>>>>
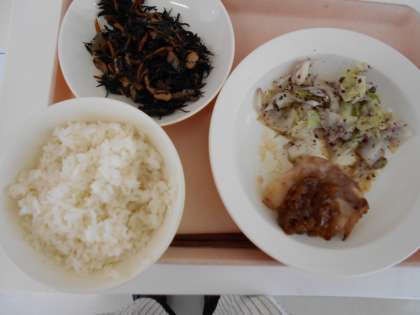 本日の給食は、ごはん・鶏肉の南蛮焼き・野菜のゆかりあえ・ひじきの煮つけ・牛乳です。
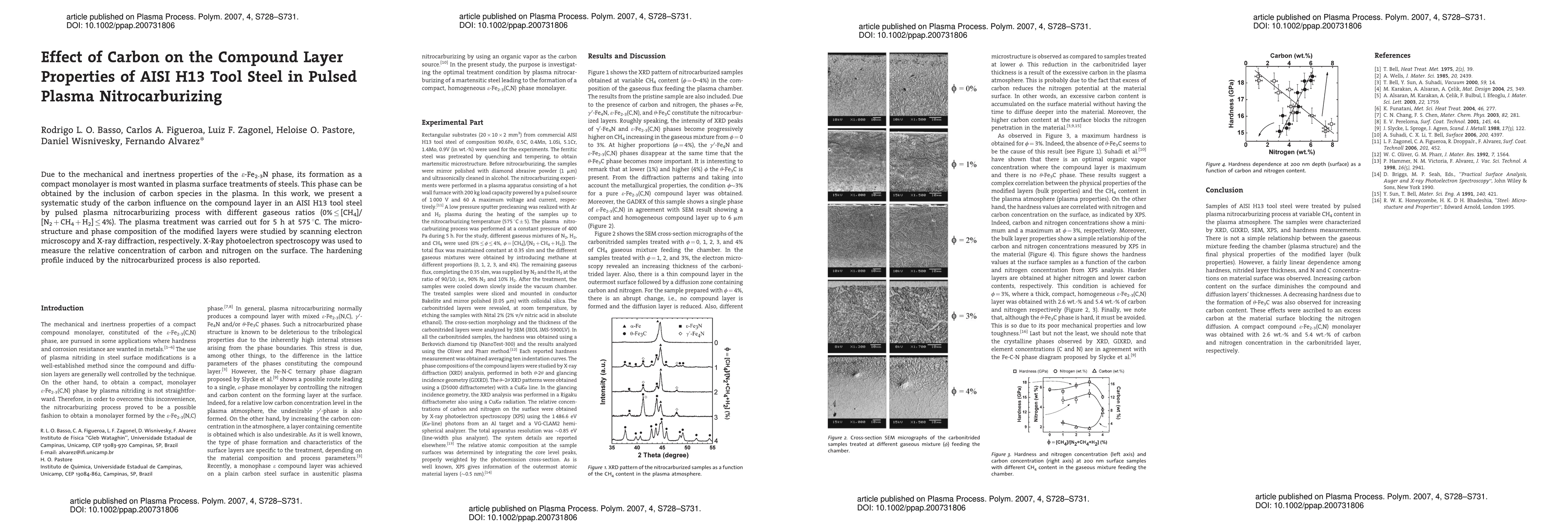 This study investigates how varying carbon levels in the plasma affect the compound layer properties of AISI H13 tool steel during pulsed plasma nitrocarburizing, focusing on the formation of the mechanically beneficial Epsilon phase. Results show that optimal carbon inclusion leads to a compact monolayer, enhancing surface properties.
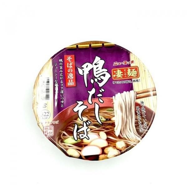 挽きたてのそば粉を使用した風味豊かなノンフライそばと鴨肉を炙ったような風味が効いたつゆ、このつゆによく合うジューシーな鶏肉団子が入ったカップ麺です。
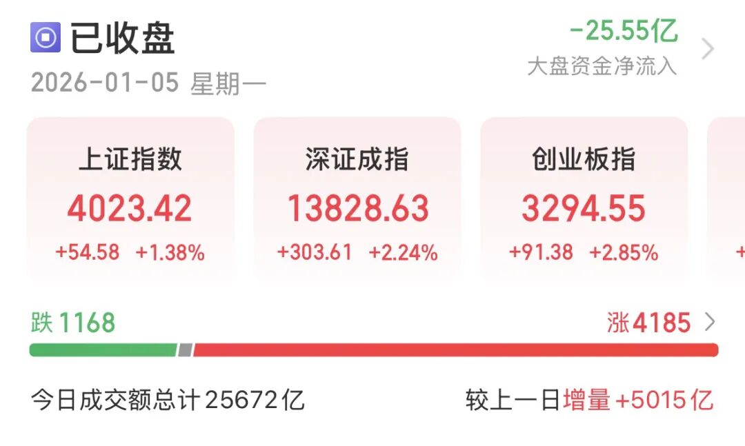 1月5日,A股以放量大涨拉开2026年序幕,日成交额增至2.57万亿元,赚钱效应良好,4185只个股收红,传媒、医药生物、电子、证券、大消费等均表现亮眼。
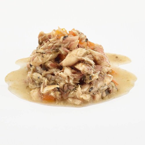 Zloženie: makrela (50%), špenát (8%), mrkva (8%), tapiokový škrob Analytické zložky: Hrubý proteín 8,5%, vláknina 0,8%, obsah tuku 1%, popol 1,7%, vlhkosť 88%
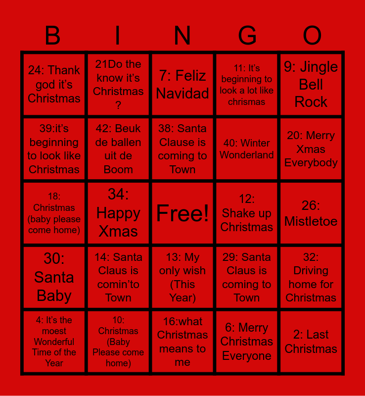 This bingo card has a free space and 43 words: 1: all I want for Christmas is you, 2: Last Christmas, 3: Sleigh Ride, 4: It’s the moest Wonderful Time of the Year, 5: Underneath the tree, 6: Merry Christmas Everyone, 7: Feliz Navidad, 8:Let It snow! Let is snow! Let is snow!, 9: Jingle Bell Rock, 10: Christmas (Baby Please come home), 11: It’s beginning to look a lot like chrismas, 12: Shake up Christmas, 13: My only wish (This Year), 14: Santa Claus is comin’to Town, 15: Why couldn’t it be Christmas everydat?, 16:what Christmas means to me, 17: Driving home to Christmas, 18: Christmas (baby please come home), 19: Rockong around the Christmas tree, 20: Merry Xmas Everybody, 21Do the know it’s Christmas ?, 22: It’s beginning a look a lot like Christmas, 23: Bring me love, 24: Thank god it’s Christmas, 25: Winter Wonderland, 26: Mistletoe, 27: Oh Santa!, 28: Wonderful Chrismastime, 29: Santa Claus is coming to Town, 30: Santa Baby, 31: Rudolph the red npse reindeer, 32: Driving home for Christmas, 33: Jingle bell rock, 34: Happy Xmas, 35: Christmas Time, 36 It’s gonna be a cold, cold, Christmas, 37: Home for the Holidays, 38: Santa Clause is coming to Town, 39:it’s beginning to look like Christmas, 40: Winter Wonderland, 41: Lets it snow! Lets it snow! Lets it snow!, 42: Beuk de ballen uit de Boom and 43: Flappie.
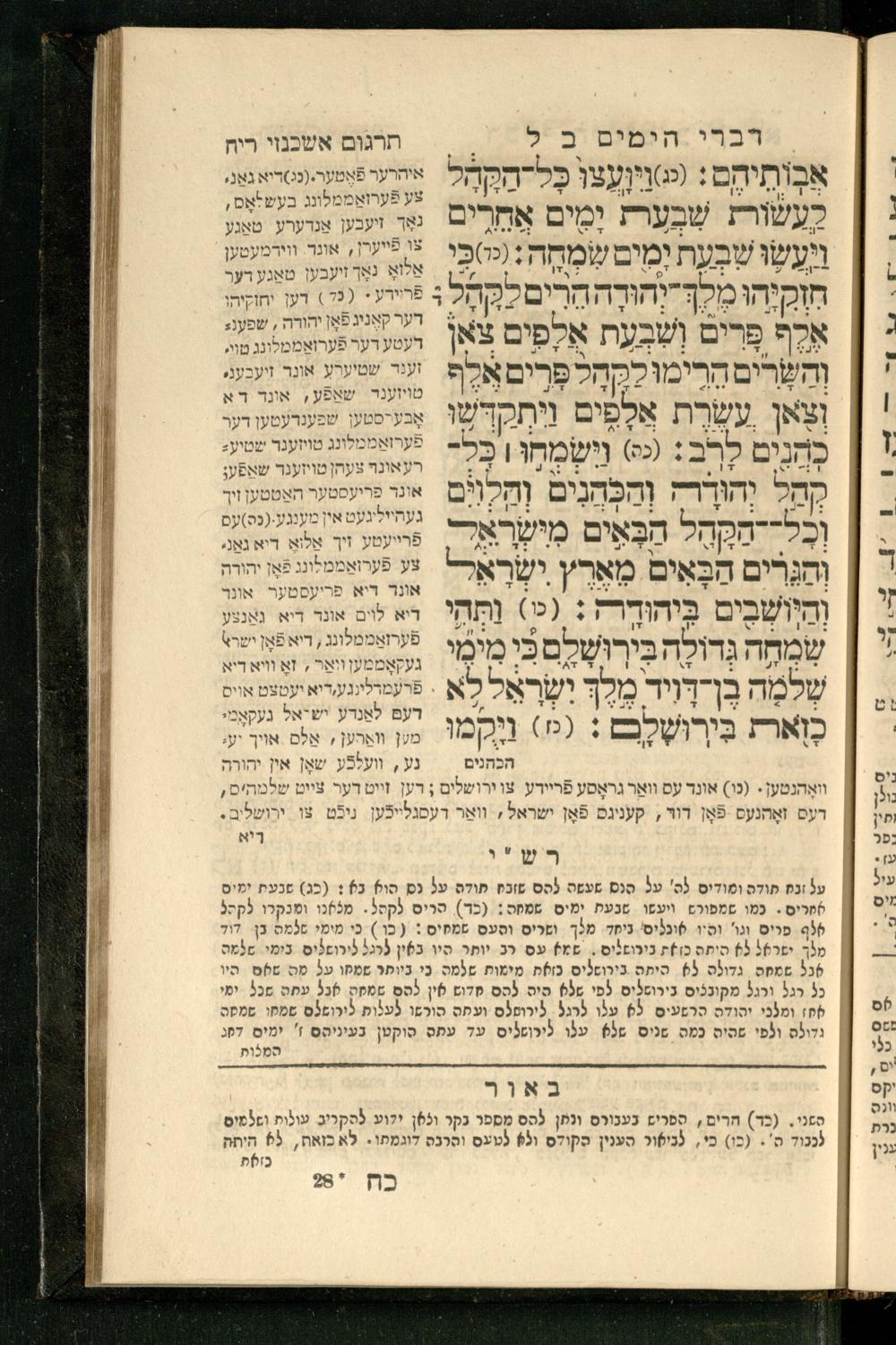 19 (1836) Sefer Divre ha-yamim 1 / meturgam me-ḥadash u-mevoʾar me-iti Yosef Ṿayse, ṿe-nilṿah elaṿ Perush Rashi ṿe-haʿtaḳat u-veʾur kol milot be-laʿaz me-et ha-madpis Mosheh ha-Leṿi Landaʾ19 (1836) ספר דברי הימים א / מתורגם מחדש ומבואר מאתי יוסף ווייסע, ונלוה אליו פירוש רש''י והעתקת ובאור כל מלות בלע''ז מאת המדפיס משה הלוי לנדא
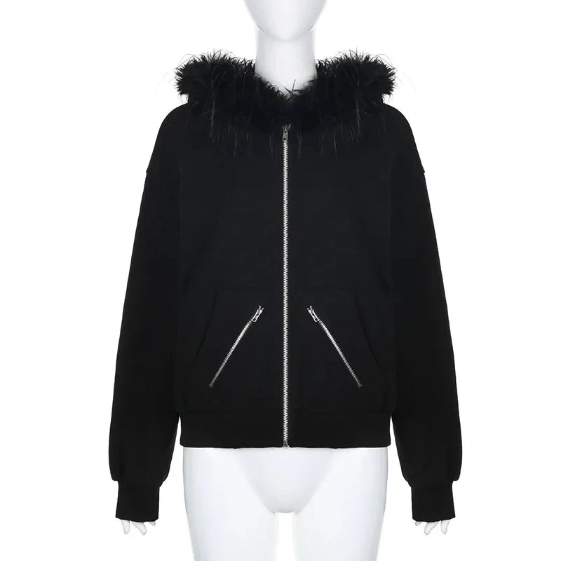 Goth Dark Faux Fur Collar Hooded Zip Up Hoodies Gothic Grunge Pockets
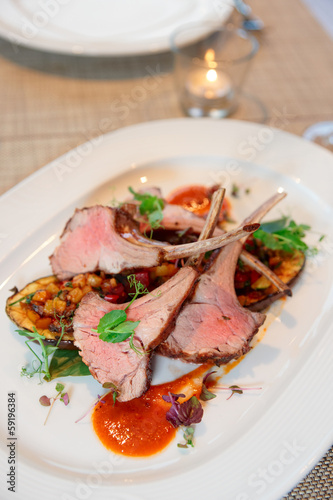 food, plate, lamb, grill, rack, grilled, steak, closeup, roast, dish, porcelain, nobody, fried, chop, brown, eatery, epicure, dinner, piece, rib, tasty, bone, garnish, gastronomy, up high, medium, cookery, cooked, crispy, italian food, meat, sauce, bell pepper, pepper, vegetable, pea, green
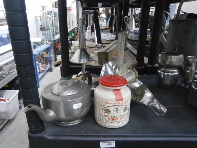 A hammered metal teapot with a glass mustard jar.
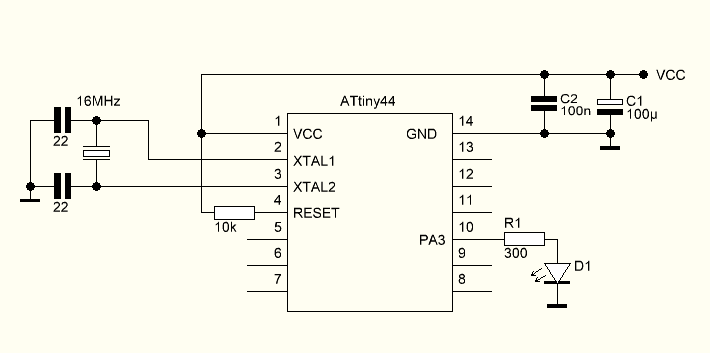 Микроконтроллер ATtiny44 отлично подходит для маленьких и дешевых проектов, а поддержка средой программирования Arduino IDE заметно упрощает работу с микроконтроллером.
<<<<
▶ [Prompt]:
Return exactly the lines of the data, beginning with the first and ending with the line containing "Zloženie: makrela (50%), špenát". Skip the pictures.

▶ [Exercise answer]:
 本日の給食は、ごはん・鶏肉の南蛮焼き・野菜のゆかりあえ・ひじきの煮つけ・牛乳です。
 This study investigates how varying carbon levels in the plasma affect the compound layer properties of AISI H13 tool steel during pulsed plasma nitrocarburizing, focusing on the formation of the mechanically beneficial Epsilon phase. Results show that optimal carbon inclusion leads to a compact monolayer, enhancing surface properties.
 挽きたてのそば粉を使用した風味豊かなノンフライそばと鴨肉を炙ったような風味が効いたつゆ、このつゆによく合うジューシーな鶏肉団子が入ったカップ麺です。
 1月5日,A股以放量大涨拉开2026年序幕,日成交额增至2.57万亿元,赚钱效应良好,4185只个股收红,传媒、医药生物、电子、证券、大消费等均表现亮眼。
 Zloženie: makrela (50%), špenát (8%), mrkva (8%), tapiokový škrob Analytické zložky: Hrubý proteín 8,5%, vláknina 0,8%, obsah tuku 1%, popol 1,7%, vlhkosť 88%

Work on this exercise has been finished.